INSTRUCTIONS FOR THE TASK:
Write each line of the material exactly as given, from the top through the line that contains "развлекается в прямом", and omit all pictures.

- Opening Delimiter -

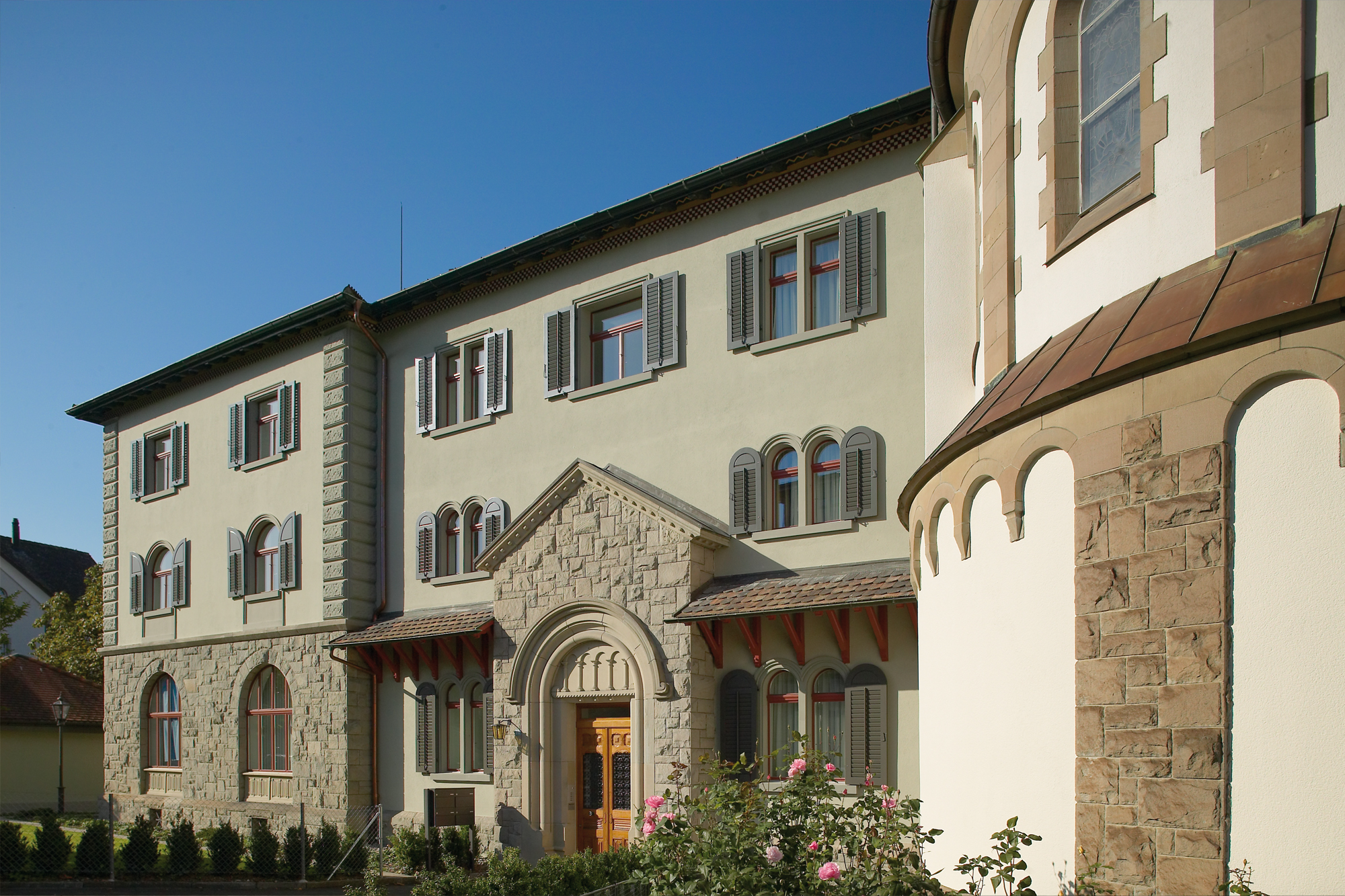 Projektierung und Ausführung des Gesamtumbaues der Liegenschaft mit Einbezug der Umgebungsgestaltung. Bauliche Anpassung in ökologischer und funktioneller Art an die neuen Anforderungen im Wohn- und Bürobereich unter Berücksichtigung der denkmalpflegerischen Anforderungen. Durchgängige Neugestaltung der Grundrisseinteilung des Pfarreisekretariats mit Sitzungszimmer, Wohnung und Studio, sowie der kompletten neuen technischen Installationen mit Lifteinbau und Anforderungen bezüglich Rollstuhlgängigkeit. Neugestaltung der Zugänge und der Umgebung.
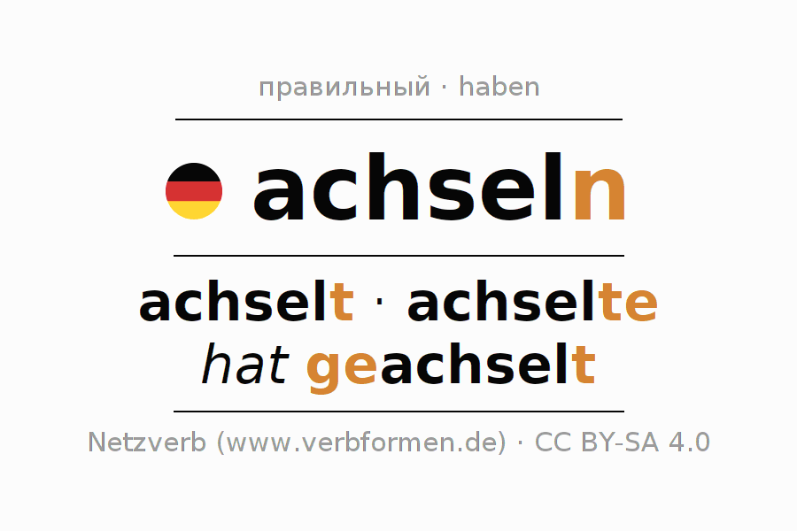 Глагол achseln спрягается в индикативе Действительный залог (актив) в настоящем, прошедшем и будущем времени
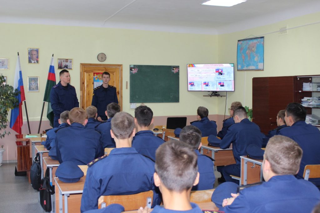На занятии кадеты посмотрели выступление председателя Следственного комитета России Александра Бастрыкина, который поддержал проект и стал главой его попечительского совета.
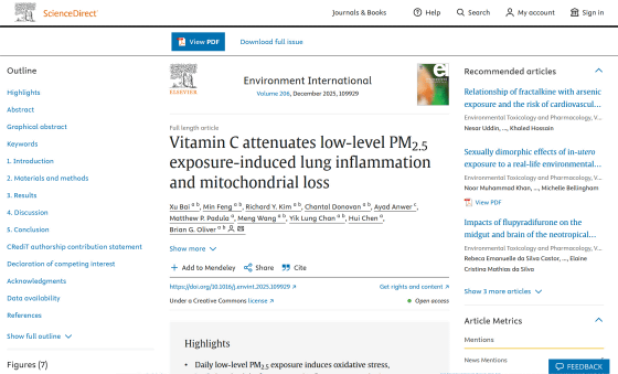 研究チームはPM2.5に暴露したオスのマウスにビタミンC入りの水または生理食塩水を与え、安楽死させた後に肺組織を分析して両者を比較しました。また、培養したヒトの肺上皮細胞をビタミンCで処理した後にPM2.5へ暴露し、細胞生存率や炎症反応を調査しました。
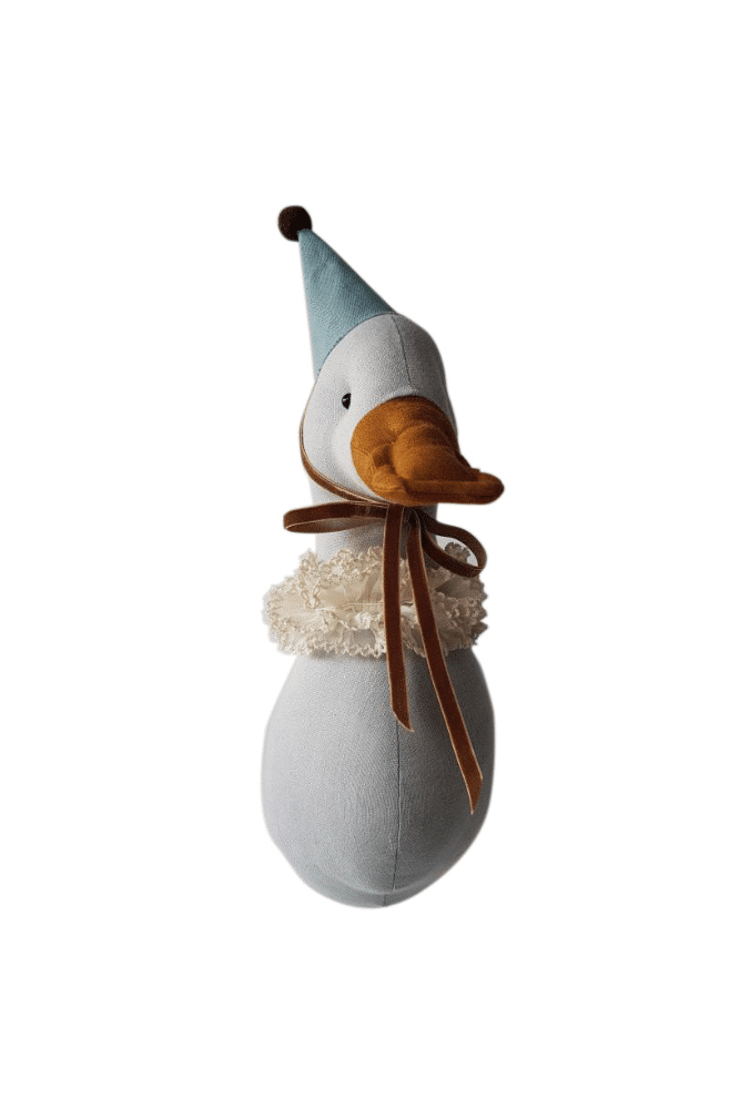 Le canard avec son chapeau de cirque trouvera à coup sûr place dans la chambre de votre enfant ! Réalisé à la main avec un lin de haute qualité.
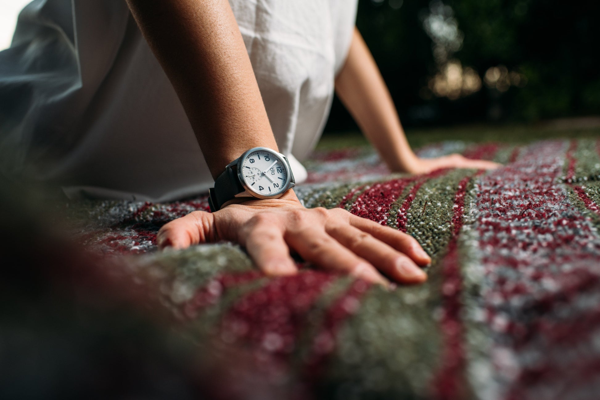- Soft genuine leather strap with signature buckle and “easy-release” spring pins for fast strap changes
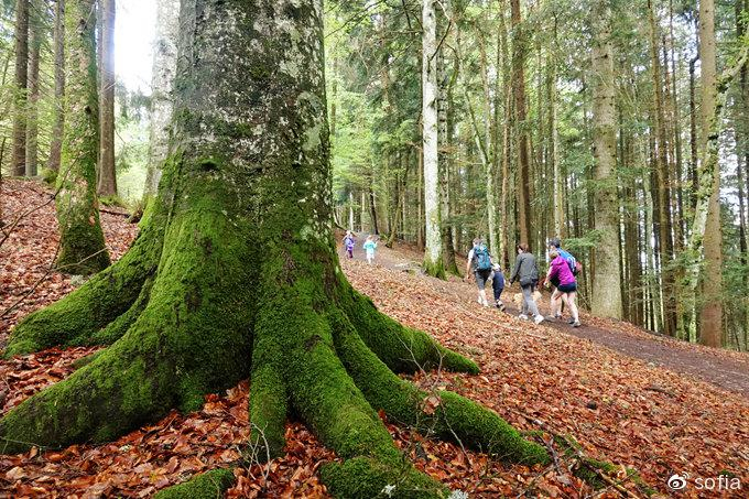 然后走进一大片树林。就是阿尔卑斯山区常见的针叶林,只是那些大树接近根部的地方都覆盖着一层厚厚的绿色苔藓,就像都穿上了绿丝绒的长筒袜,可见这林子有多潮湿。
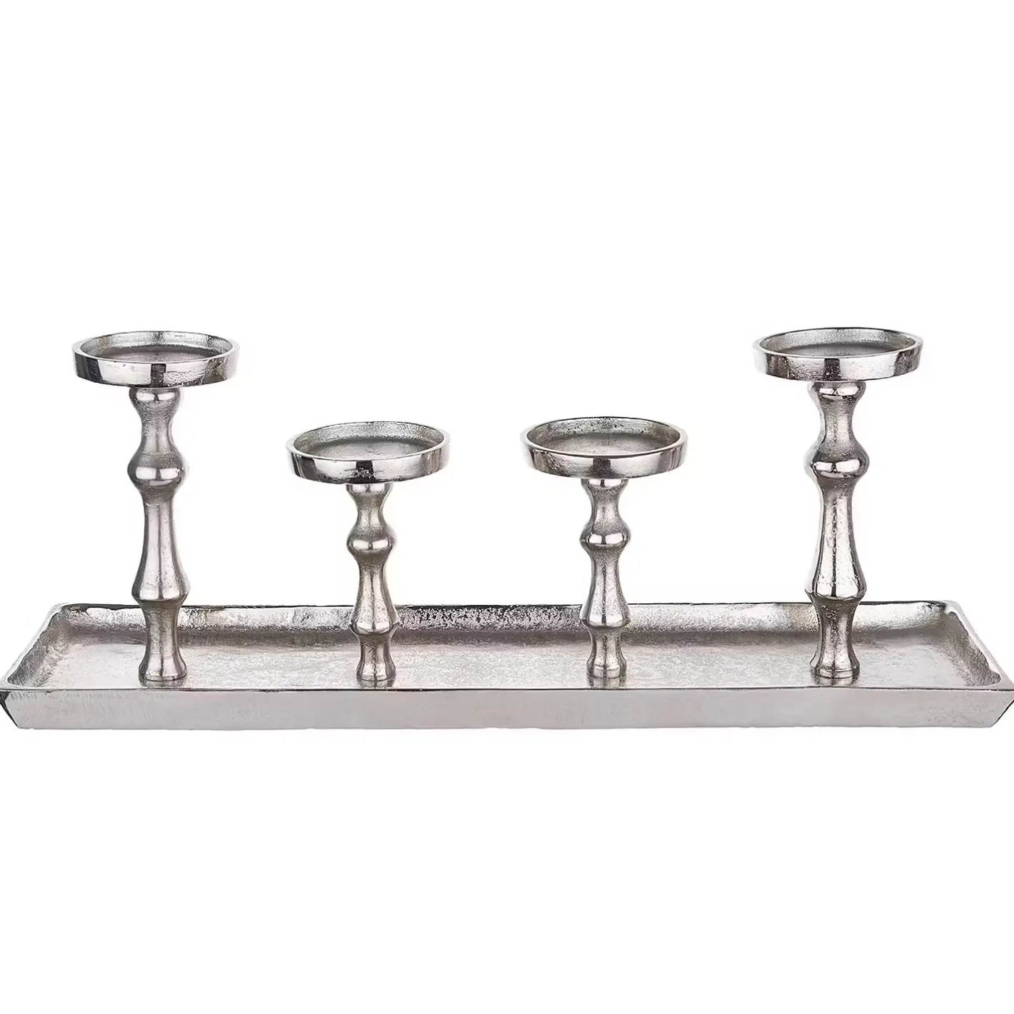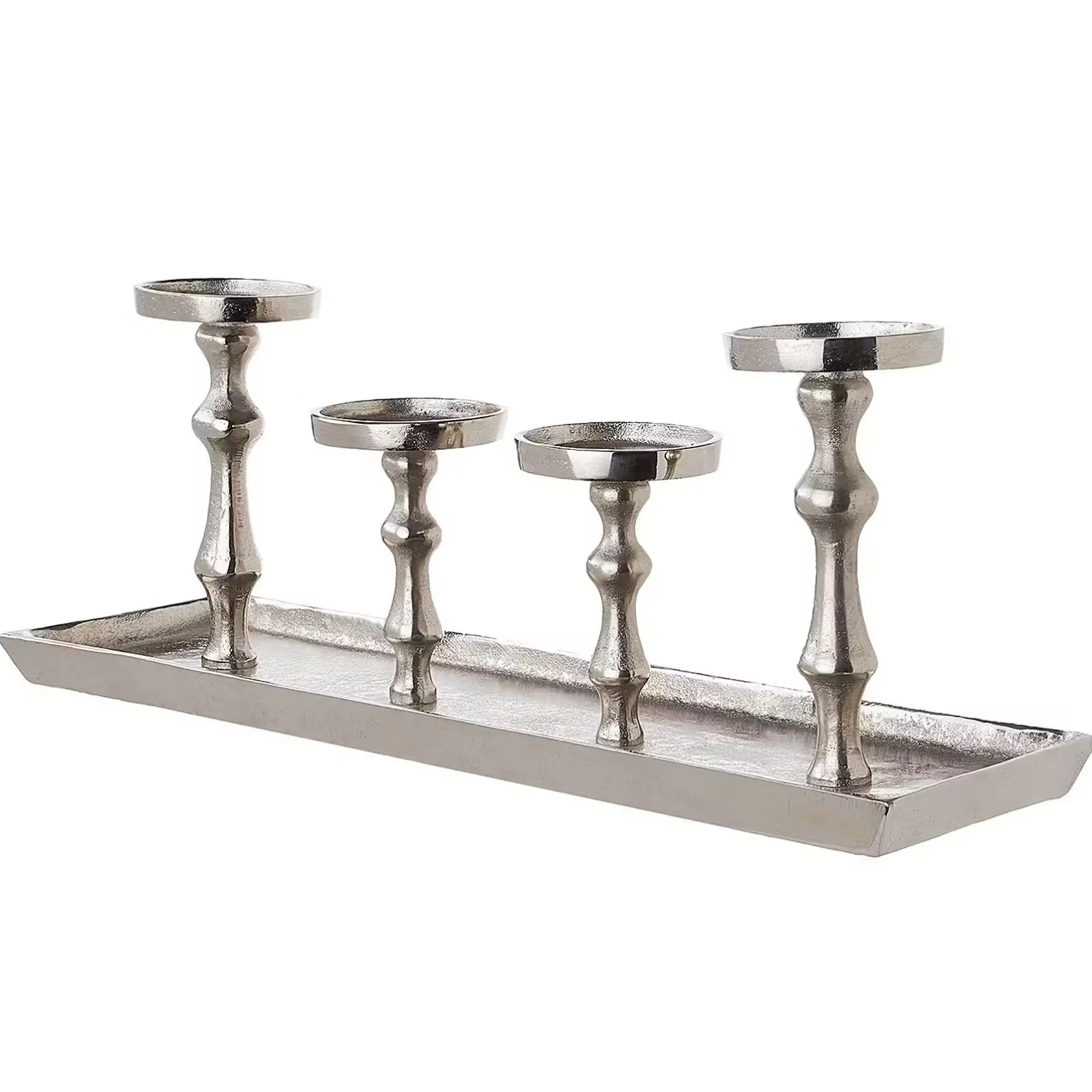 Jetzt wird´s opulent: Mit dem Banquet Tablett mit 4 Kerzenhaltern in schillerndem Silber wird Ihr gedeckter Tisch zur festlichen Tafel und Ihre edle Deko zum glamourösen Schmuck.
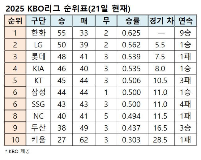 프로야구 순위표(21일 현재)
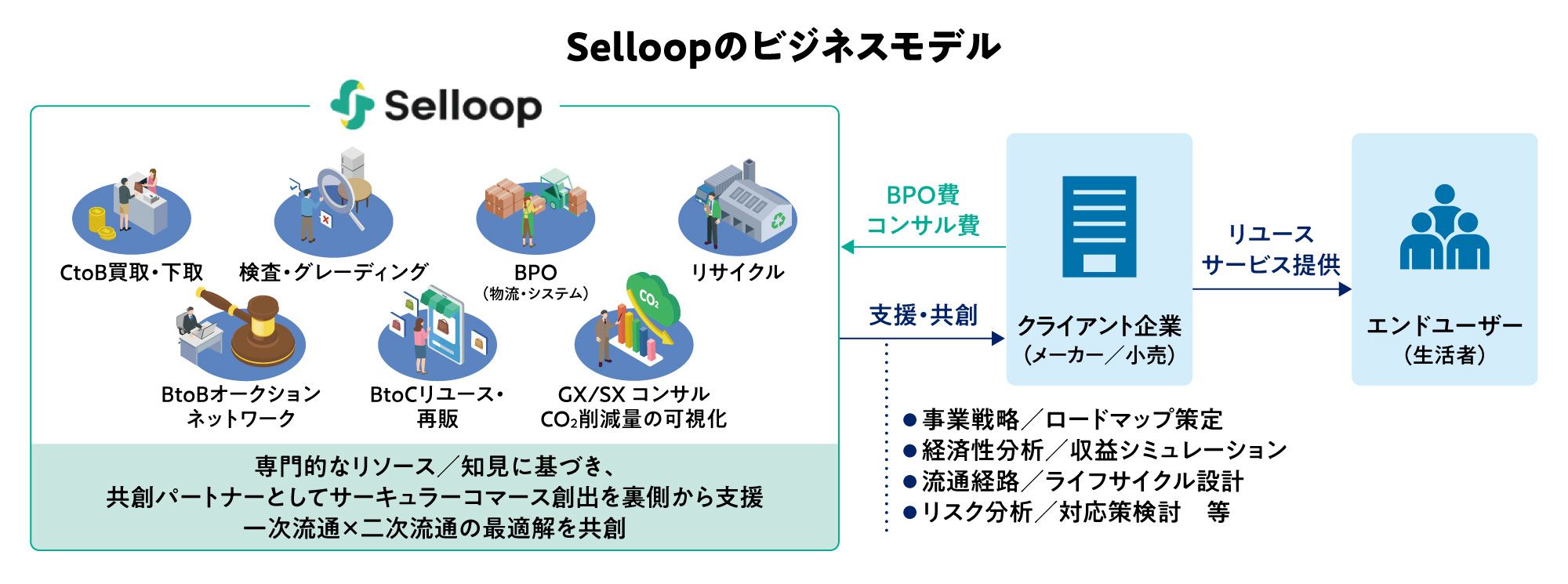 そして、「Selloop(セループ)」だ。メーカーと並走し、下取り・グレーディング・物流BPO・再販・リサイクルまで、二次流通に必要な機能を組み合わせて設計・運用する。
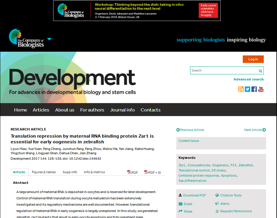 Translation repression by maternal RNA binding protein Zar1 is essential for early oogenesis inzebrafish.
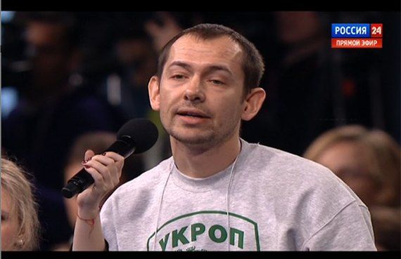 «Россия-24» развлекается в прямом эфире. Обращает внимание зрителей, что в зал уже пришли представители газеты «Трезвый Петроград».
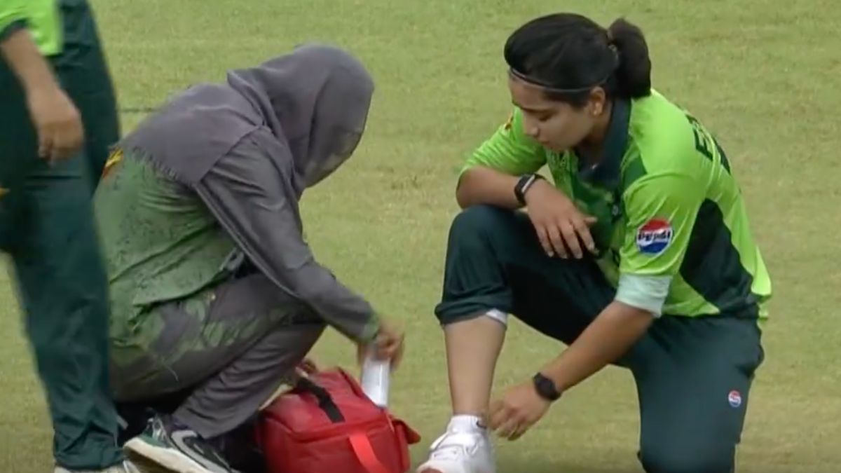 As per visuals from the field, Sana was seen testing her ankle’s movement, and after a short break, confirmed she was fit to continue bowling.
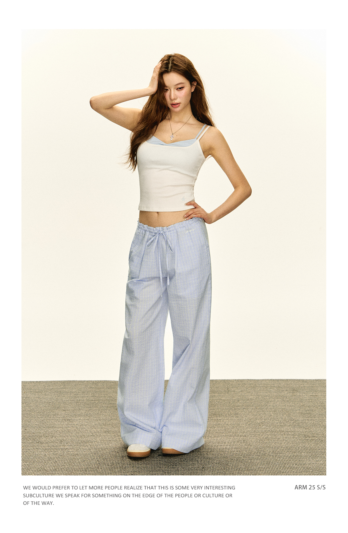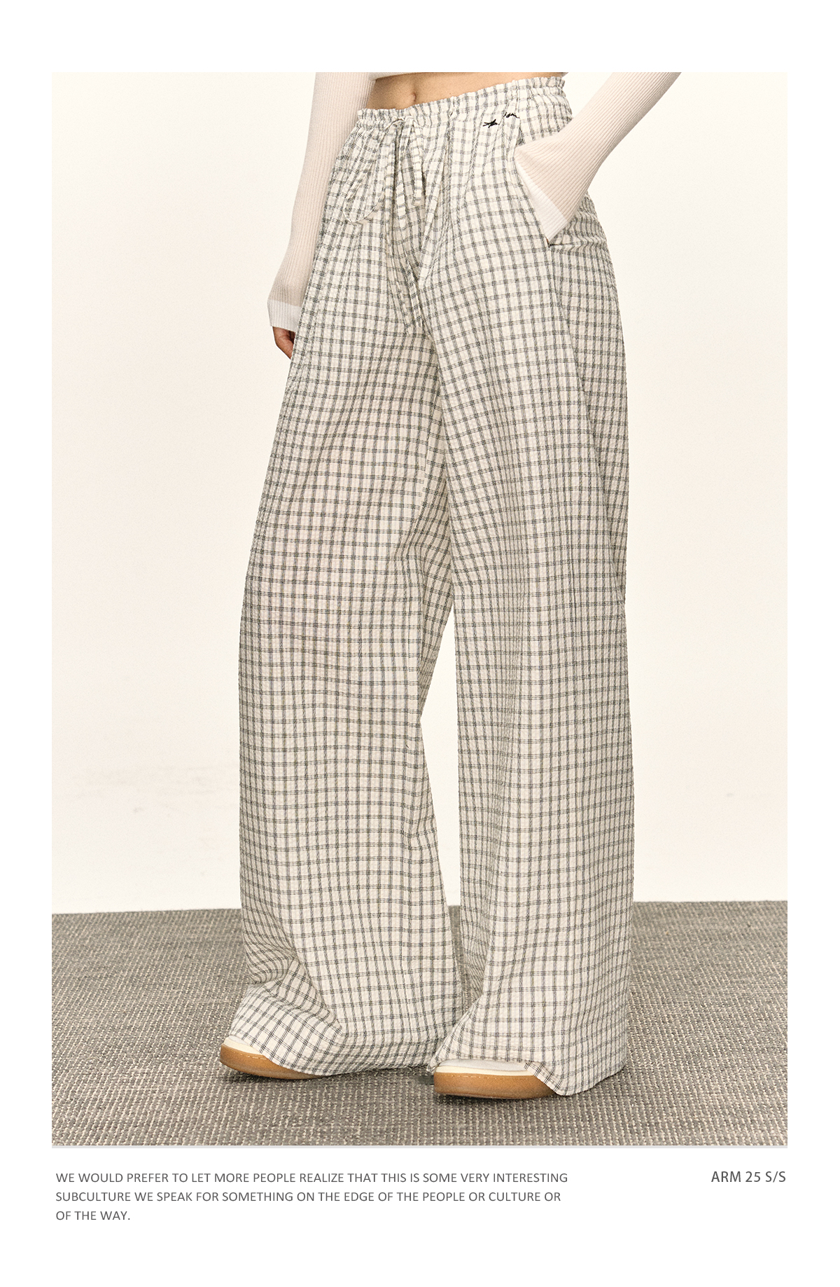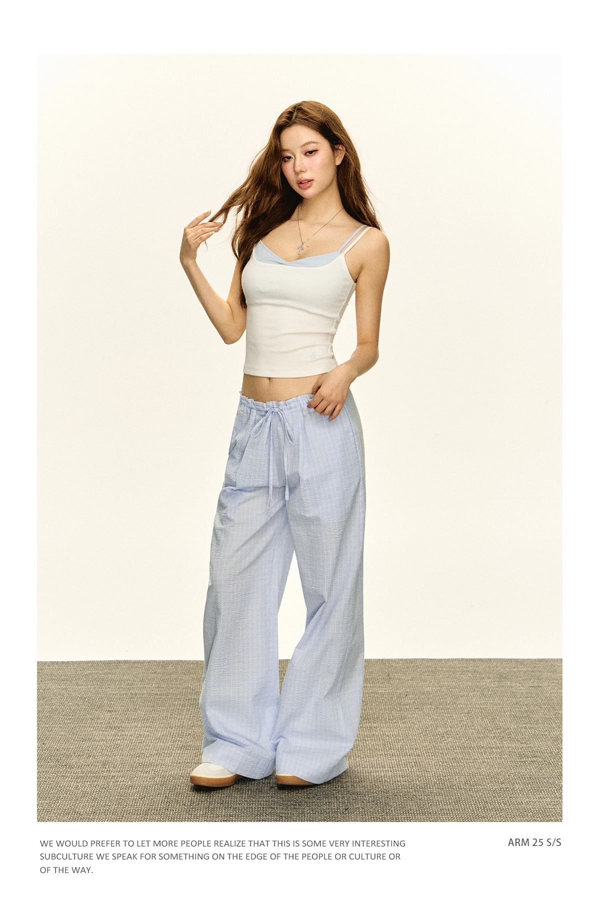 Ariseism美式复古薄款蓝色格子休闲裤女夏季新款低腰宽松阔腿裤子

- Closing Delimiter -

YOUR RESPONSE:
 Projektierung und Ausführung des Gesamtumbaues der Liegenschaft mit Einbezug der Umgebungsgestaltung. Bauliche Anpassung in ökologischer und funktioneller Art an die neuen Anforderungen im Wohn- und Bürobereich unter Berücksichtigung der denkmalpflegerischen Anforderungen. Durchgängige Neugestaltung der Grundrisseinteilung des Pfarreisekretariats mit Sitzungszimmer, Wohnung und Studio, sowie der kompletten neuen technischen Installationen mit Lifteinbau und Anforderungen bezüglich Rollstuhlgängigkeit. Neugestaltung der Zugänge und der Umgebung.
 Глагол achseln спрягается в индикативе Действительный залог (актив) в настоящем, прошедшем и будущем времени
На занятии кадеты посмотрели выступление председателя Следственного комитета России Александра Бастрыкина, который поддержал проект и стал главой его попечительского совета.
 研究チームはPM2.5に暴露したオスのマウスにビタミンC入りの水または生理食塩水を与え、安楽死させた後に肺組織を分析して両者を比較しました。また、培養したヒトの肺上皮細胞をビタミンCで処理した後にPM2.5へ暴露し、細胞生存率や炎症反応を調査しました。
 Le canard avec son chapeau de cirque trouvera à coup sûr place dans la chambre de votre enfant ! Réalisé à la main avec un lin de haute qualité.
- Soft genuine leather strap with signature buckle and “easy-release” spring pins for fast strap changes
 然后走进一大片树林。就是阿尔卑斯山区常见的针叶林,只是那些大树接近根部的地方都覆盖着一层厚厚的绿色苔藓,就像都穿上了绿丝绒的长筒袜,可见这林子有多潮湿。
 Jetzt wird´s opulent: Mit dem Banquet Tablett mit 4 Kerzenhaltern in schillerndem Silber wird Ihr gedeckter Tisch zur festlichen Tafel und Ihre edle Deko zum glamourösen Schmuck.
 프로야구 순위표(21일 현재)
 そして、「Selloop(セループ)」だ。メーカーと並走し、下取り・グレーディング・物流BPO・再販・リサイクルまで、二次流通に必要な機能を組み合わせて設計・運用する。
 Translation repression by maternal RNA binding protein Zar1 is essential for early oogenesis inzebrafish.
 «Россия-24» развлекается в прямом эфире. Обращает внимание зрителей, что в зал уже пришли представители газеты «Трезвый Петроград».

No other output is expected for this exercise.